= YOUR GOAL =
Reproduce the data below in full and exclude every picture.

= PROVIDED DATA =
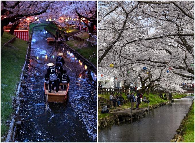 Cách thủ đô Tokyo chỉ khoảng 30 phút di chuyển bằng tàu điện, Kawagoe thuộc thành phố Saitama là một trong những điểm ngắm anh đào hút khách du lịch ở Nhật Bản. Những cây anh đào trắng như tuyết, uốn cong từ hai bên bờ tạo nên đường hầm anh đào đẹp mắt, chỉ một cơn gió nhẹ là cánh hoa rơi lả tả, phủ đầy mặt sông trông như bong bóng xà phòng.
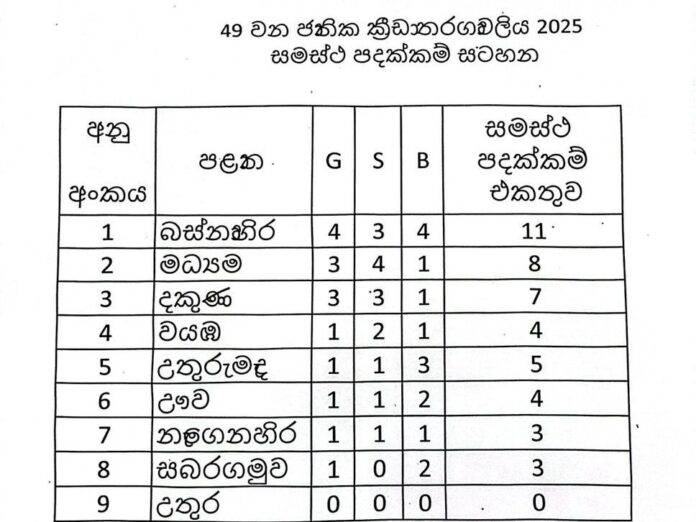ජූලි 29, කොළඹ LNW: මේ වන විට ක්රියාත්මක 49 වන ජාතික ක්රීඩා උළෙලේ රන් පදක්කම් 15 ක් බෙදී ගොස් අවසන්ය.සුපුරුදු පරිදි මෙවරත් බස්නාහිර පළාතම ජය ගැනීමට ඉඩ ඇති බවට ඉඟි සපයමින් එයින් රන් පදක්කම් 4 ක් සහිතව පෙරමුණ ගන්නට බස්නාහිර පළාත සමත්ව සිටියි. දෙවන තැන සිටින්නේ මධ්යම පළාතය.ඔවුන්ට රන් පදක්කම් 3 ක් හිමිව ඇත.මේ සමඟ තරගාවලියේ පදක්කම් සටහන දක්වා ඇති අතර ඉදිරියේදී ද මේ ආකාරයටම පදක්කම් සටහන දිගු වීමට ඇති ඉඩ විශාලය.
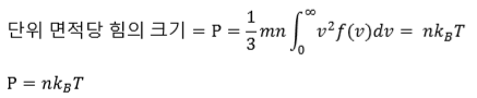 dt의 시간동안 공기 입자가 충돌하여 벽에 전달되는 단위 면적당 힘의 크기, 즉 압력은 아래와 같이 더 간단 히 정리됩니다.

= TASK OUTPUT =
 Cách thủ đô Tokyo chỉ khoảng 30 phút di chuyển bằng tàu điện, Kawagoe thuộc thành phố Saitama là một trong những điểm ngắm anh đào hút khách du lịch ở Nhật Bản. Những cây anh đào trắng như tuyết, uốn cong từ hai bên bờ tạo nên đường hầm anh đào đẹp mắt, chỉ một cơn gió nhẹ là cánh hoa rơi lả tả, phủ đầy mặt sông trông như bong bóng xà phòng.
ජූලි 29, කොළඹ LNW: මේ වන විට ක්රියාත්මක 49 වන ජාතික ක්රීඩා උළෙලේ රන් පදක්කම් 15 ක් බෙදී ගොස් අවසන්ය.සුපුරුදු පරිදි මෙවරත් බස්නාහිර පළාතම ජය ගැනීමට ඉඩ ඇති බවට ඉඟි සපයමින් එයින් රන් පදක්කම් 4 ක් සහිතව පෙරමුණ ගන්නට බස්නාහිර පළාත සමත්ව සිටියි. දෙවන තැන සිටින්නේ මධ්යම පළාතය.ඔවුන්ට රන් පදක්කම් 3 ක් හිමිව ඇත.මේ සමඟ තරගාවලියේ පදක්කම් සටහන දක්වා ඇති අතර ඉදිරියේදී ද මේ ආකාරයටම පදක්කම් සටහන දිගු වීමට ඇති ඉඩ විශාලය.
 dt의 시간동안 공기 입자가 충돌하여 벽에 전달되는 단위 면적당 힘의 크기, 즉 압력은 아래와 같이 더 간단 히 정리됩니다.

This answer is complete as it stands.